We could even mention the contextual issues created by centuries of translation from the original languages. As anyone who speaks more than one language fluently will understand some concepts don’t translate perfectly. Context and subtly sometimes get “lost in translation.” However, perhaps the biggest contextual reference we must overcome is that of culture and time. The most recent of all the biblical texts in the New Testament is dated around 70-90 CE, depending on scholar, and the oldest from the Old Testament could be 6,000 years old. Our twenty first century world is far removed from 1st Century Palestine. We are even farther removed from the age of the of the Old Testament scriptures.
Let me be clear: I am not saying that ancient texts biblical or otherwise are without value. Human nature has not changed much since Abraham said to Yahweh in the ancient deserts of the Middle East. Modern scholars and psychologists have very keenly pointed out that our ancient forebears often had keen psychological insights and their wisdom has value. The late Idries Shah, infamous Sufi and scholar of Sufism, pointed out that many of the ideas of cosmology and psychology are being rediscovered in this post modern era and being rediscovered, if you will, by the efforts of modern science.
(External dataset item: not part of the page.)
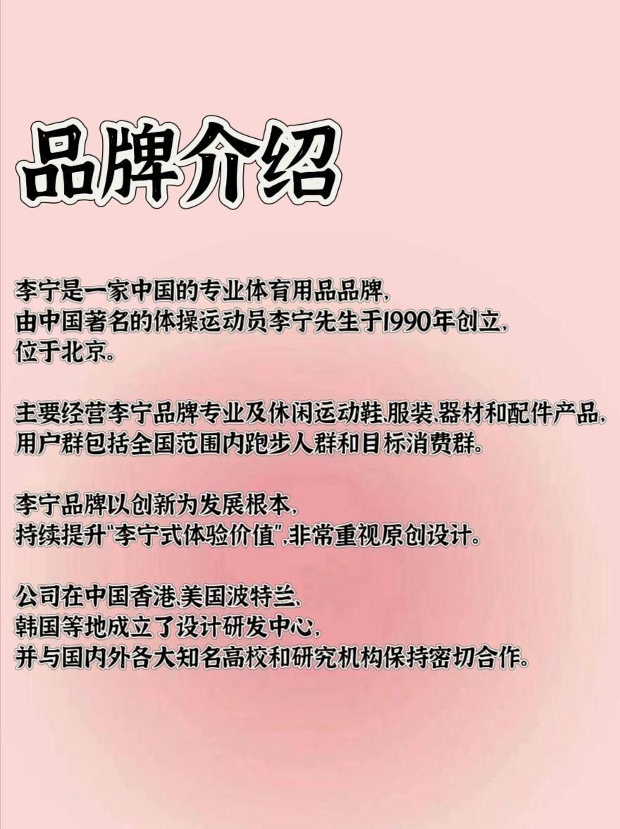 每天认识一个品牌|李宁品牌介绍 李宁是一家中国的专业体育用品品牌,由中国著名的体操运动员李宁先生于1990年创立,位于北京。 主要经营李宁品牌专业及休闲运动鞋服装、器材和配件产品,用户群包括全国范围内跑步人群和目标消费群。 李宁品牌以创新为发展根本,持续提升“李宁式体验价值”,非常重视原创设计。 公司在中国香港美国波特兰韩国等地成立了设计研发中心,并与国内外各大知名高校和研究机构保持密切合作...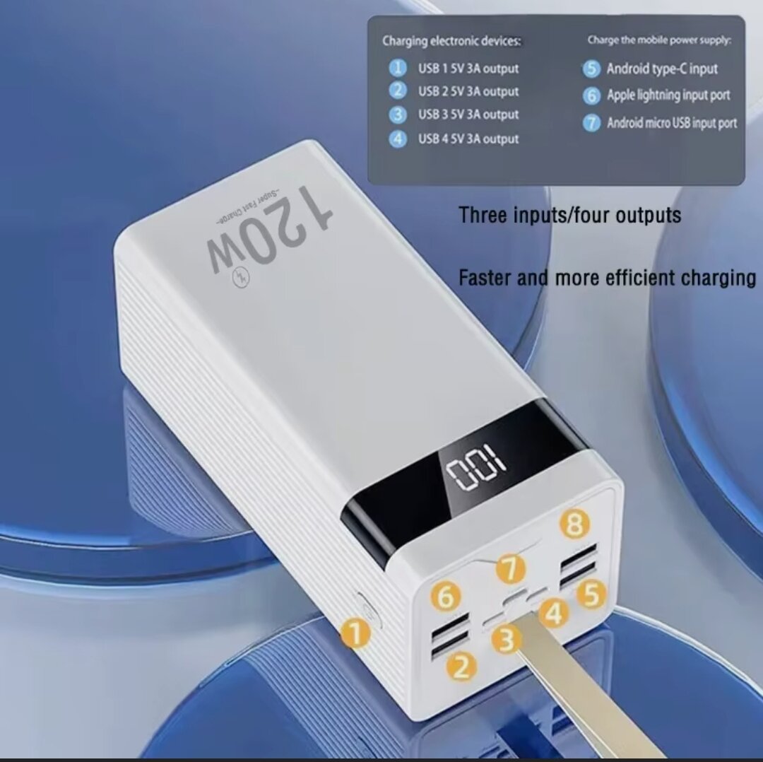 Внешний аккумулятор Power Bank 80000mAh, универсальный с мощным прожектором и фонариком для всех телефонов, 80000 мАч, 3 300 ₽

But, it is not this wisdom that concerns me. The fact that we are “rediscovering” it proves its continued relevance and we can take it from a context defined by the time we live in. We don’t need the context of the ancient scriptures which can often be misleading. The problem is when we try to take these ancient texts and use them as a moral template or a complete guide to the wisdom of all time and overlay it on our present day society. We can’t do this without getting “God hates fags” and if Deuteronomy is true, the Judeo Christian god does, indeed, hate the homosexual.
This mistake comes from seeing scripture as the infallible word of God instead of the work of man in search of meaning and order in a troubling and beguiling universe. This mistake is costly to us morally and is quite anti-intellectual. It denies facts and evidence in favor of myth and tradition. We can’t solve the ethical dilemmas of our time by using outdated moral codes from a culture and time far removed from us. When in 1st Century Palestine do what the 1st Century Palestinians do; when in the twenty first century we must allow the discoveries and scientific evidence to define our ethical stance.
The church will fear this as moral relativism, but what they offer is moral “reactionaryism” that harms more than it helps. Further, each modern day reader places the bible in the cultural context and subtext of our time regardless of how learned they might think they are removing it further from its original context to begin with. The reader will always place it in the context of where they find themselves now, which is why, no matter who scholarly their knowledge their interpretation will differ from those around them, sometimes differing greatly as we can often see in many of our current political debates going on today.